There is a folklore simple way to do that using oblivious transfer. Here is the idea: you can "arithmetize" $b_A \oplus b_B$ as $b_A + b_B - 2\cdot b_Ab_B$ over an arbitrary larger field (in fact, it works over the integers). Written this way, the equation becomes
$y = (b_A + b_B + 2b_Ab_B)\cdot (x_A+x_B) = b_Ax_A + b_Bx_B + b_A\cdot (1 + 2b_B)x_B$
In this equation, $b_Ax_A$ is known to Alice, and $b_Bx_B$ is know to Bob, so it's easy for the parties to just add these quantities to their share locally.
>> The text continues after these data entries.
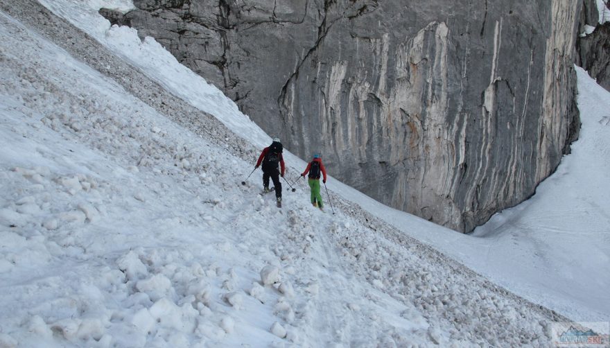 Sjezd z Scheiblingtragl (2151 m) pod skalní stěnou
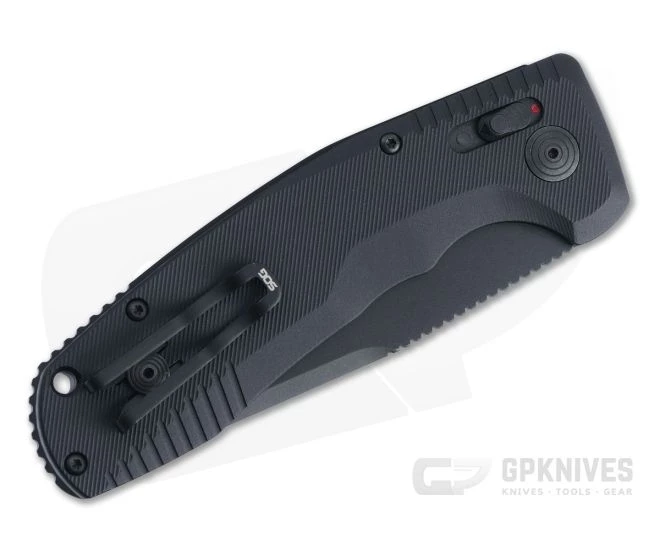 Based on the design of the original SOG-TAC automatic, the TAC XR introduced the ambidextrous XR Lock to this iconic platform. SOG is back again with the next evolution in the TAC AU automatic folder. It retains the XR lock with the addition of a double-action safety that allows for secure carry with fast deployment. A robust construction makes this a popular choice with military, law enforcement and civilian users alike. This Tanto version comes with a black titanium nitride coated, partially serrated D2 tool steel blade and matching 6061-T6 aluminum handle scales.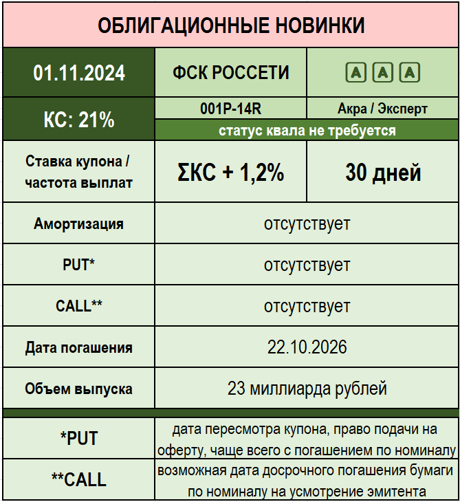 🍁 Доброе утро, друзья! Последний осенний месяц начинается с новинки, к которой, справедливости ради, надо отнестись с должной настороженностью. ✅ В обед биржевые стаканы заполнятся предложениями по: 1️⃣ ФСК РОССЕТИ 001Р-14R (🅰️🅰️🅰️) 🔢 ISIN: $RU000A109ZQ8 🔸 Купон плавающий: ΣКС + 1,2% 🔸 Значение рассчитывается ежедневно 🔸Без оферт и досрочного погашения 🔸 Погашение через 3 года 🔸 Последний рейтинговый отчет: https://www.acra-ratings.ru/press-releases/5157/, https://raexpert.ru/releases/2024/apr12h Кажется мне, что выпуск один из последних, которому удалось занять со столь низкой премией к ключевой ставке, по крайней мере в ближайшее время. В новую реальность с премией под 2% погрузило нас вчера Росгидро, а флоатеры 🅰️🅰️🅰️, до последнего момента считавшиеся тихой гаванью, тоже могут начать свою переоценку вместе со всем рынком. Буду рад ошибиться, но ситуация выглядит с моей колокольни именно так. Эмитент в особом представлении не нуждается, так что задерживать вас не б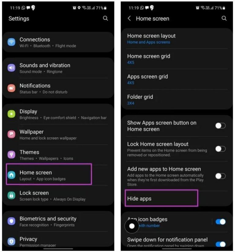 بر خلاف پیکسل لانچر، در One UI تنظیمات پیشفرضی برای مخفی کردن اپلیکیشنها وجود دارد. برای استفاده از این تنظیمات مراحل زیر را دنبال کنید:
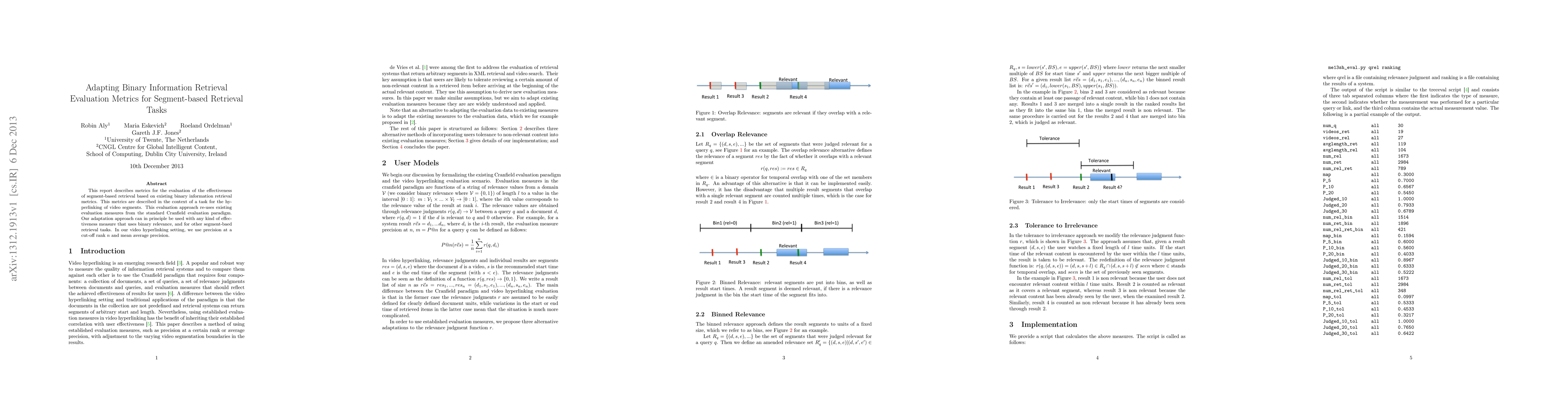 This paper adapts traditional binary information retrieval metrics for segment-based retrieval tasks, specifically for video segment hyperlinking. It employs precision at a cut-off rank and mean average precision, extending the Cranfield evaluation paradigm to new contexts.
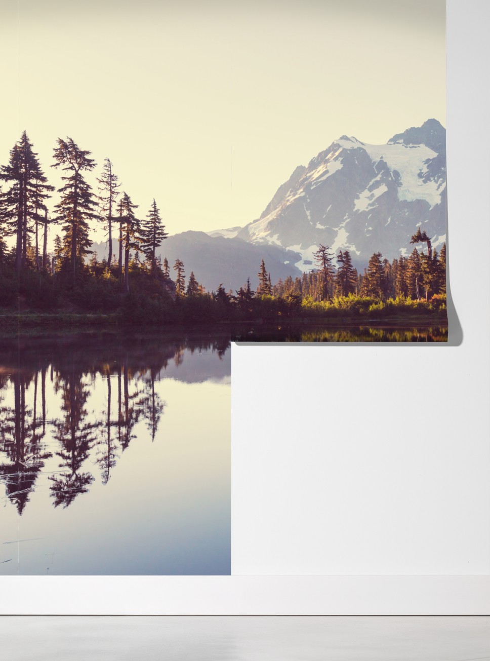 Wprowadź spokojną alpejską scenerię do wnętrza dzięki odbiciu Mount Shuksan w krystalicznym jeziorze.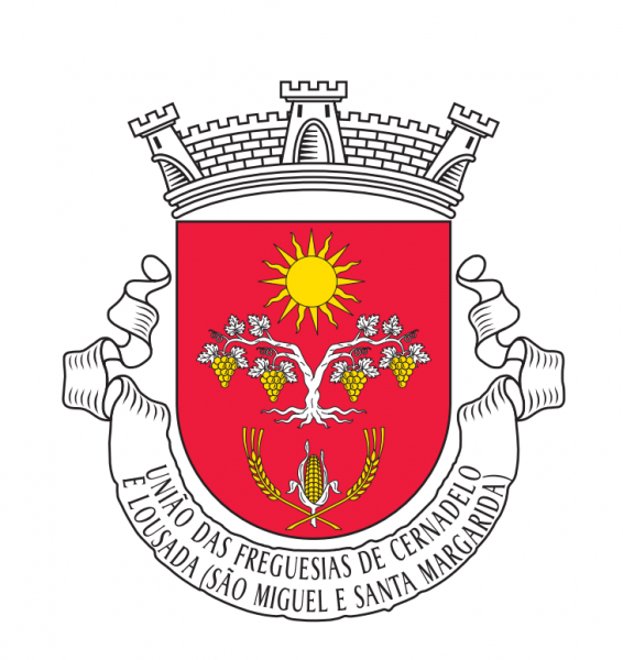 Escudo de vermelho, parreira arrancada de prata, folhada do mesmo e frutada com quatro cachos de uvas de ouro, dois em cada vara, acompanhada em chefe por um sol heráldico de ouro e em campanha por um feixe de duas espigas de trigo de ouro e uma de milho de ouro folhada de prata, unidas pelos pés. Coroa mural de prata de três torres aparentes. Listel de prata com a legenda a negro, em maiúsculas: “ UNIÃO DAS FREGUESIAS DE CERNADELO E LOUSADA (SÃO MIGUEL E SANTA MARGARIDA) “.
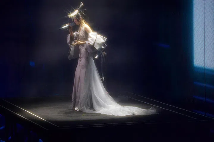 另一套“冰雪皇后”造型,也是由WINDOWSEN打造。该品牌由李森森(Sensen Lii)于2019年创立,风格前卫,擅于糅合科技元素及醒目色彩打造富有戏剧性张力的服装。Madonna、Doja Cat、Itzy、蔡依林及郑秀文等女星都曾穿着WINDOWSEN的服装。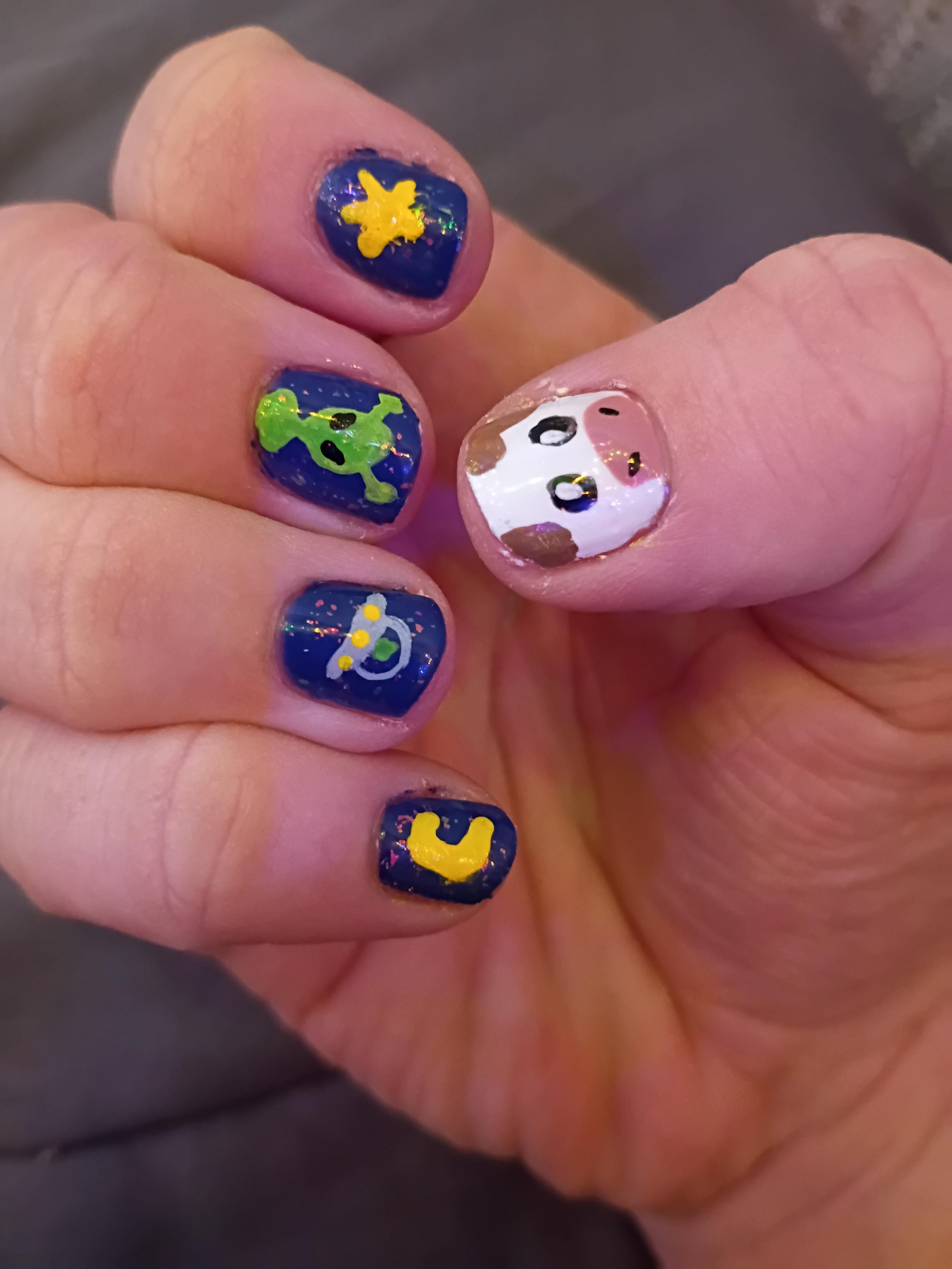 Alien, UFO, Star and moon, cow 🙂 it has a crystal top coat too so it's sparkly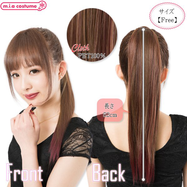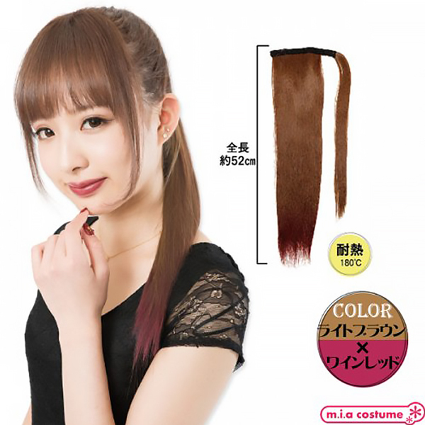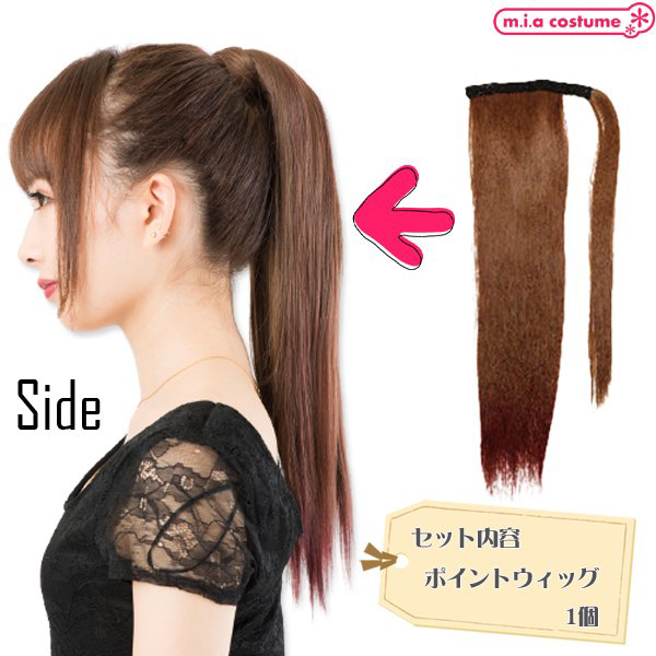 着脱式の耐熱ポイントウィッグです。マジックポニーで簡単イメチェン♪二つ使えばツインテールにもアレンジ可能!地毛に馴染みやすいサラサラの毛質で、発色の良いライトブラウン×ワインレッドのカラーリングはライブなどのイベントにもおススメです!※商品は一つ入りです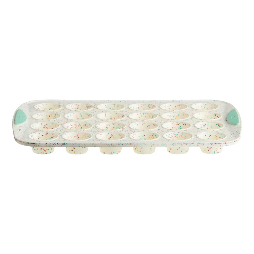 Made of silicone with a colorful confetti design, this Trudeau mini-muffin pan features an integrated steel rim that keeps it firmly structured. Its naturally nonstick silicone interior perfectly browns 24 mini cupcakes or muffins that release easily every time. The stabilizing metal structure of this reliable baking pan prevents it from collapsing in the oven or wobbling on the tabletop.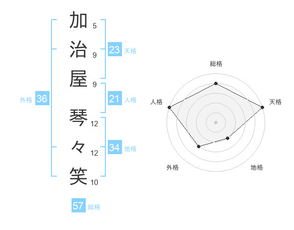 加治屋 琴々笑さんの総格は57画の4点!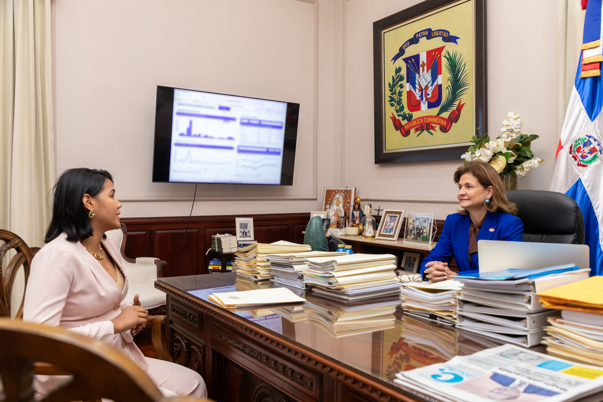 La vicepresidenta Raquel Peña recibió la visita de cortesía de la diputada por Bahoruco, la señora Olfanny Méndez. En su reunión conversaron diversos temas relacionados con el avance de esta provincia. Santo Domingo, República Dominicana, 16 de Octubre 2024. Vp/ Pedro Rodriguez
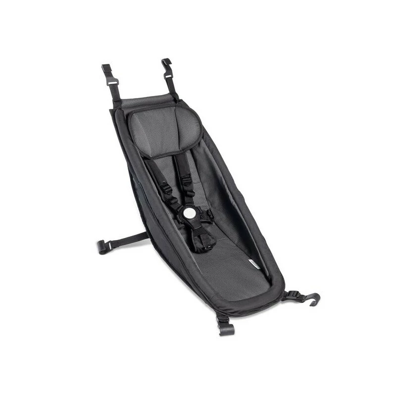 Die ergonomische Form des Babysitzes wurde speziell für eine ausgeglichene Liegeposition in Kinderfahrradanhängern entwickelt.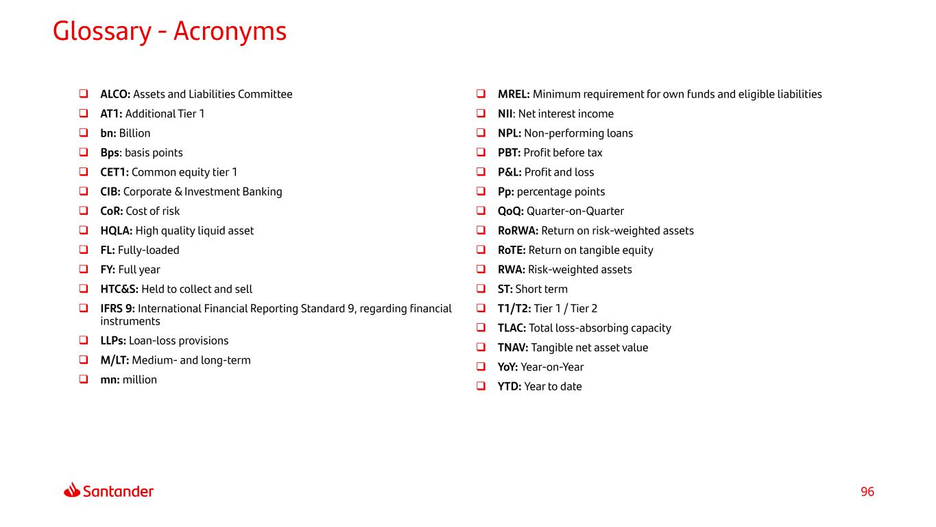 96 Glossary - Acronyms ❑ ALCO: Assets and Liabilities Committee ❑ AT1: Additional Tier 1 ❑ bn: Billion ❑ Bps: basis points ❑ CET1: Common equity tier 1 ❑ CIB: Corporate & Investment Banking ❑ CoR: Cost of risk ❑ HQLA: High quality liquid asset ❑ FL: Fully-loaded ❑ FY: Full year ❑ HTC&S: Held to collect and sell ❑ IFRS 9: International Financial Reporting Standard 9, regarding financial instruments ❑ LLPs: Loan-loss provisions ❑ M/LT: Medium- and long-term ❑ mn: million ❑ MREL: Minimum requirement for own funds and eligible liabilities ❑ NII: Net interest income ❑ NPL: Non-performing loans ❑ PBT: Profit before tax ❑ P&L: Profit and loss ❑ Pp: percentage points ❑ QoQ: Quarter-on-Quarter ❑ RoRWA: Return on risk-weighted assets ❑ RoTE: Return on tangible equity ❑ RWA: Risk-weighted assets ❑ ST: Short term ❑ T1/T2: Tier 1 / Tier 2 ❑ TLAC: Total loss-absorbing capacity ❑ TNAV: Tangible net asset value ❑ YoY: Year-on-Year ❑ YTD: Year to date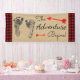 Banner de la ducha de bebé con unas huellas de bebé lindas sobre un papel Kraft y fondo de manto de búfalo. Se puede añadir texto para personalizar esta rústica aventura de leñador comienza con la pancarta de la ducha de bebé.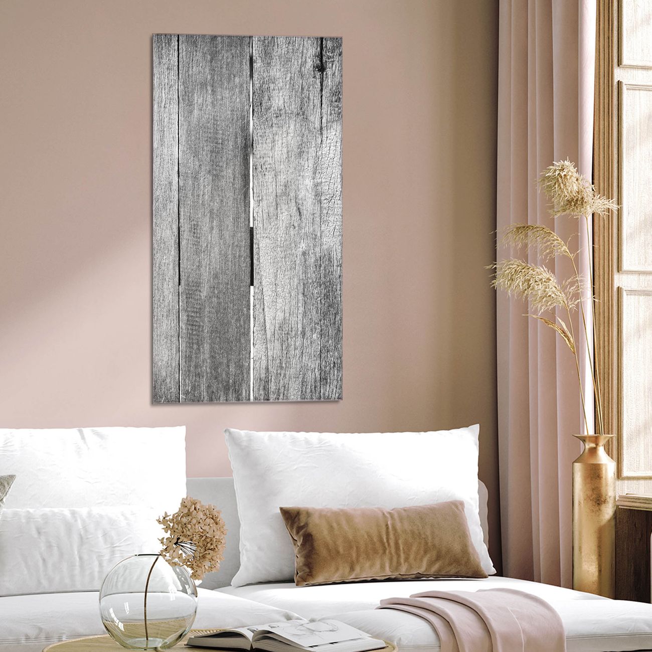 Brillantes Glasbild im Hochformat Holz Monochrom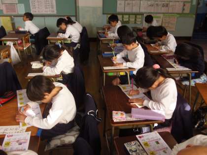 2月9日(金)朝の時間、各学級ではすでに学習が始まっています。1年生は漢字の練習をしていました。担任の指導をしっかりと聞いて、一画一画ていねいに書いて練習していました。2年生は漢字のテストに取り組んでいました。みんな真剣な表情でした。また、5年生は、理科の実験をしていました。温度ともののとける量の違いを調べる実験でした。今日も寒い朝を迎えましたが、子どもたちは朝から一生懸命学習に向かっています。

Therefore, the problem reduces to letting Alice and Bob get additive shares of $b_A\cdot (1+2b_B)x_B$. This is easily achieved using a single oblivious transfer:
- Bob samples a random element $r\gets \mathbb{F}$.
- Bob plays the role of the sender in an oblivious transfer protocol, with inputs $(-r, (1+2b_B)x_B-r)$.
- Alice plays the role of the receiver, with selection bit $b_A$.
- At the end of the OT, Alice gets an output $z_A$. Bob sets his output $z_B$ to be $r$.
In the above protocol, if $b_A = 0$, Alice gets $z_A = -r$, hence $z_A + z_B = r-r = 0 = 0\cdot (1+2b_B)x_B$. If $b_A = 1$, Alice gets $z_A = (1+2b_B)x_B-r$, hence $z_A+z_B = (1+2b_B)x_B-r + r = 1\cdot(1+2b_B)x_B$.
In the end, Alice outputs $z_A + b_Ax_A$ and Bob outputs $z_B + b_Bx_B$; they form additive shares over $\mathbb{F}$ of $y = b\cdot x$, as intended.